# Source records
-----
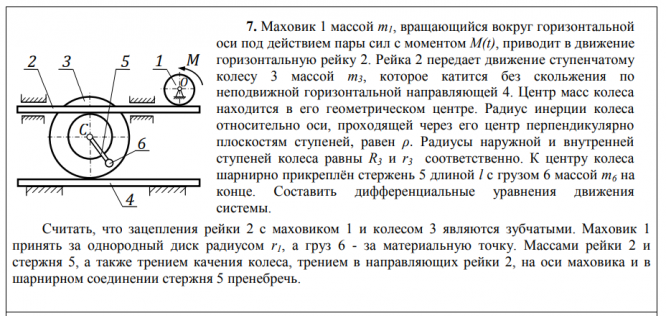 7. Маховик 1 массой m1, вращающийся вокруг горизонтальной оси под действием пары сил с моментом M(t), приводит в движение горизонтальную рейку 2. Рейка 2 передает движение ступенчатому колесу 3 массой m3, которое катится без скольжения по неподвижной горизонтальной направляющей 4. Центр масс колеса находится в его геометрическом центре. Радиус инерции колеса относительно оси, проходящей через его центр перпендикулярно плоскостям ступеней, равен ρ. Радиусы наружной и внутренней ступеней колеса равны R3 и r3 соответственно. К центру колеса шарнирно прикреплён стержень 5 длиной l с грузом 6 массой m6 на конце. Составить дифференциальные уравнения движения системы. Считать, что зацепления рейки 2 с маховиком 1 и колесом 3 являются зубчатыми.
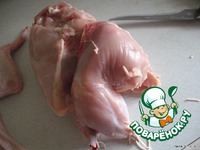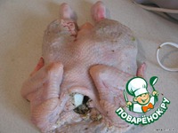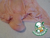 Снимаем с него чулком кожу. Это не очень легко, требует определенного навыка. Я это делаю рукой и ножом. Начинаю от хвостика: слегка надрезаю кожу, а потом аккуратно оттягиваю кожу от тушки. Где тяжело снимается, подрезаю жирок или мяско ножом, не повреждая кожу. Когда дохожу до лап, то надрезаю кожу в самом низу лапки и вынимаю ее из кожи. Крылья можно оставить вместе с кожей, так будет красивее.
-----
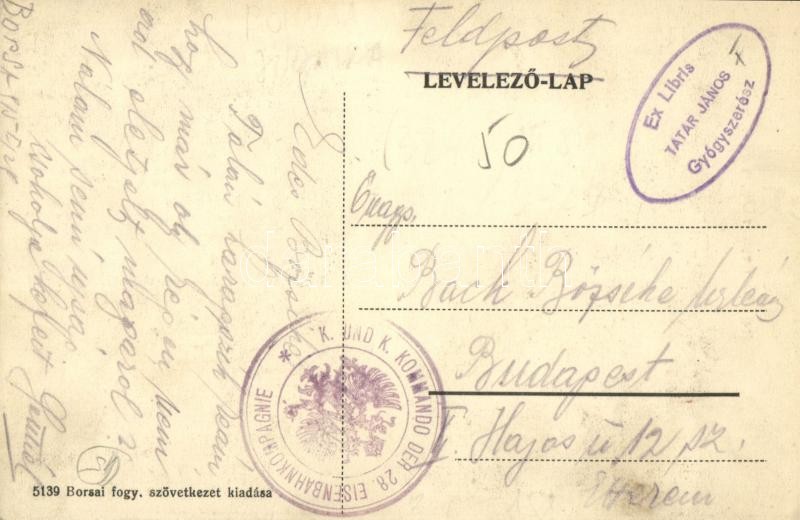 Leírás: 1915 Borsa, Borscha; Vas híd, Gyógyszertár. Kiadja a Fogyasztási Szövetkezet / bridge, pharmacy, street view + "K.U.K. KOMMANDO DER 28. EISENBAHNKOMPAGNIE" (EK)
-----
# Directions
Leaving out the pictures, please output the lines in the entries above from the one with "7. Маховик 1" through the one with "Снимаем с него", exactly as they are.

# Response area
 7. Маховик 1 массой m1, вращающийся вокруг горизонтальной оси под действием пары сил с моментом M(t), приводит в движение горизонтальную рейку 2. Рейка 2 передает движение ступенчатому колесу 3 массой m3, которое катится без скольжения по неподвижной горизонтальной направляющей 4. Центр масс колеса находится в его геометрическом центре. Радиус инерции колеса относительно оси, проходящей через его центр перпендикулярно плоскостям ступеней, равен ρ. Радиусы наружной и внутренней ступеней колеса равны R3 и r3 соответственно. К центру колеса шарнирно прикреплён стержень 5 длиной l с грузом 6 массой m6 на конце. Составить дифференциальные уравнения движения системы. Считать, что зацепления рейки 2 с маховиком 1 и колесом 3 являются зубчатыми.
 Снимаем с него чулком кожу. Это не очень легко, требует определенного навыка. Я это делаю рукой и ножом. Начинаю от хвостика: слегка надрезаю кожу, а потом аккуратно оттягиваю кожу от тушки. Где тяжело снимается, подрезаю жирок или мяско ножом, не повреждая кожу. Когда дохожу до лап, то надрезаю кожу в самом низу лапки и вынимаю ее из кожи. Крылья можно оставить вместе с кожей, так будет красивее.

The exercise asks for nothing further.